The important axis is the conditioning contract. A generator conditioned on text, examples, downstream gradients, causal interventions, irregular observations, or candidate orders should not be evaluated as if it solved the same problem.

TimeCraft Lineage

TimeCraft is best read as a Microsoft Research framework and repository that packages several related generation lines:

  • TimeDP supplies the prototype/domain-prompt branch.
  • BRIDGE adds text-to-series data preparation and hybrid text/prototype conditioning.
  • TarDiff adds task-aware diffusion guidance through influence functions.
  • CaTSG adds observational, interventional, and counterfactual time-series generation.
  • OATS makes synthetic generation part of the TSFM training loop.
  • Diff-MN targets irregular-to-continuous generation through diffusion-parameterized MoE-NCDE dynamics.

That lineage matters because it moves from generate realistic samples toward generate samples for a purpose: match a target domain, satisfy a text description, improve a downstream model, respect causal interventions, support TSFM pretraining, or produce a continuous trajectory.

Evaluation Boundary

Generation papers often report MMD, KL, discriminative score, predictive score, J-FTSD, human preference, downstream AUROC/AUPRC, or trading-agent utility.
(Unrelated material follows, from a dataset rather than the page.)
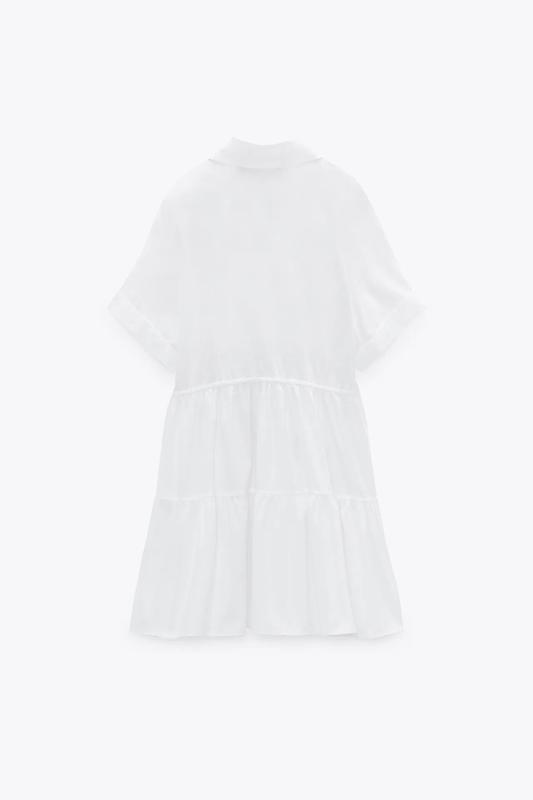 Коротке плаття з тканини оксфорд Zara Коротке плаття з вирізом і короткими рукавами з вилогами. еластичний пояс на зав'язках. застібка на гудзики в стилі поло. розміри XS S M L XL Склад: 100% Бавовна

These metrics answer different questions:

  • Fidelity metrics test whether generated samples resemble a reference distribution.
  • Text-alignment and human-ranking metrics test whether generated samples match a condition.
  • Downstream utility metrics test whether synthetic samples improve another model.
  • Causal metrics test interventional or counterfactual behavior, but real-world counterfactual labels are usually absent.
  • Market-simulation metrics test stylized facts, market impact, and agent-training usefulness.
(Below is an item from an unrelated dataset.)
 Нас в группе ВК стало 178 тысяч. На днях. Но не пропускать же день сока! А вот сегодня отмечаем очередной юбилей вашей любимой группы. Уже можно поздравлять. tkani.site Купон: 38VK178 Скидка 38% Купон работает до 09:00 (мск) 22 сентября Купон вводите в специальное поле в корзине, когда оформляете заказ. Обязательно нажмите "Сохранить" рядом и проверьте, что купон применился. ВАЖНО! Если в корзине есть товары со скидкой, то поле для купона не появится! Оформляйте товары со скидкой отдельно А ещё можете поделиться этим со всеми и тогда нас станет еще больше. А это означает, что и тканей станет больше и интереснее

For this wiki, a time-series generator becomes world-model-relevant only when the generated future remains conditioned on state, context, and explicit actions, control inputs, interventions, or candidate orders. Most TimeCraft branches are still passive or condition-controlled generators rather than full action-conditioned world models.

Irregular and continuous generation should report whether irregularity is naturally observed or simulated by dropping points from regular series. Diff-MN tests random dropping at several observation rates, so transfer to real sampling policies remains open.
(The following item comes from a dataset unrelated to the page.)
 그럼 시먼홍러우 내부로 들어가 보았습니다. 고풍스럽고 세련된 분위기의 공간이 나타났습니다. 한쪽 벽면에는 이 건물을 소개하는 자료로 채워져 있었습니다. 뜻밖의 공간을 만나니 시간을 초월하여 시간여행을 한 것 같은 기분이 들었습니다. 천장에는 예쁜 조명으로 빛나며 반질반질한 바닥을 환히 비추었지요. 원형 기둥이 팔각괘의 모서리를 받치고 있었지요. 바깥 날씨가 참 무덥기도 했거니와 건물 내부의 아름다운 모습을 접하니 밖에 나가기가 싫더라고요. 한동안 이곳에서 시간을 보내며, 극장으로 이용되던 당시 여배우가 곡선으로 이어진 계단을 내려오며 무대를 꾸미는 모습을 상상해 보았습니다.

Bias and spurious-correlation metrics should be separated from fidelity metrics. InvDiff is mostly text-to-image evidence, with a limited AusElec/TimeGrad OOD forecasting experiment; use it as a shortcut-auditing pattern rather than broad time-series generation evidence.

Relation To Foundation TSFM Agenda

Time-series generation maps most directly to the generation/editing, context interface, dense numeric fidelity, causal/counterfactual, and benchmark slots in the Foundation Time-Series Model Research Agenda. The TimeCraft batch strengthens the generation/editing branch, but it also shows why the agenda must separate observational generation, text-controlled generation, utility-guided augmentation, and intervention-aware rollout.

Open Questions

  • Which synthetic time-series generators improve downstream models under strict train/validation/test separation rather than by tuning to the evaluation set?
  • Can text-controlled generation use operationally meaningful context such as incidents, exogenous variables, and constraints rather than only morphology captions?
  • Can CaTSG-style causal generation scale beyond predefined SCMs and synthetic counterfactual labels?
  • Can Diff-MN-style continuous generation become a reusable latent-state interface for irregular clinical, industrial, or observability data?
  • Which generation metrics predict utility for forecasting, anomaly detection, representation learning, and action-conditioned planning?
  • For market simulators, which combination of stylized-fact fidelity, scenario-control error, market-impact validity, and downstream trading-agent transfer predicts real utility?
  • How should time-series generators define invariant temporal features so debiasing removes shortcut dependence without erasing rare regimes or meaningful domain shifts?